Newsday’s archives on the subject depict more than half a century of mayhem, starting with two boys, who lost a hand and an eye, respectively, in separate incidents in 1954, with dozens more stories through 2021, when a mortar blew up in a 13-year-old boy’s face in Deer Park. 

According to the American Pyrotechnics Association, a trade group, the rate of fireworks injuries has fallen drastically since the 1970 and is now the lowest in history. The group attributes the decline to “industry safety education efforts and the ever improving quality of its products.”

Pushing for new restrictions

In New York, it is a misdemeanor to sell fireworks, and repeat offenders can be convicted of a felony; even possession is a violation. A 2018 change in state law permitted sale and use of sparklers and similar devices in most counties, though not in Nassau, Suffolk, New York City and a few other counties. 

Last year, according to the state’s Department of Criminal Justice Services, there were at least 26 arrests of people 18 and older statewide, including three in Nassau and three in Suffolk, where a fireworks charge was the top charge. Nassau police made 32 arrests with fireworks charges last year and four this year, Nassau police Det. Lt. Richard LeBrun wrote in an email. The department “has a zero tolerance approach with regard to illegal possession and setting off fireworks” and has begun blanketing neighborhoods where people are known to set them off with flyers warning of arrest, he said. Suffolk police did not provide arrest statistics.

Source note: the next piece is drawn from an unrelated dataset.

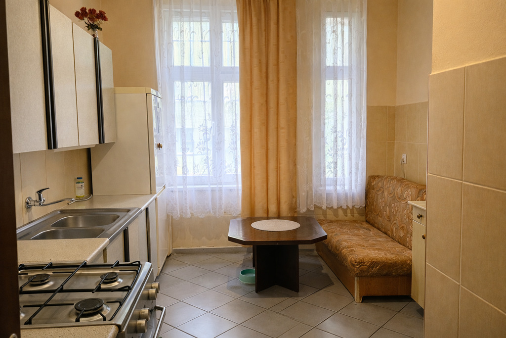 Ogrzewanie zapewniają piece kaflowe, a ciepła woda pochodzi z bojlera.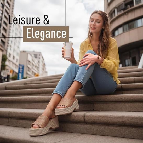 Monrovia Platform Sandals Women Slip on Raffia Wedges Sandals Slides Espadrilles Wedge Heels Raffia Straws Chunky Sandals

Sandoval, who each year releases a list of burn safety tips to the public, has pushed for tighter restrictions, as have fire officials like Uttaro and John D’Alessandro, secretary of the Firefighters Association of the State of New York, which represents volunteer firefighters. D’Allesandro said he suspected much of the legalization push came from local governments chasing sales tax revenue. 

But any gains are likely offset by the monetary cost of increased calls for service due to injuries, and by a greater social cost, he said: “You get a very different perspective on things if you have to go to someone’s house and pick up a finger … or see a little child with a severe burn on their face,” he said.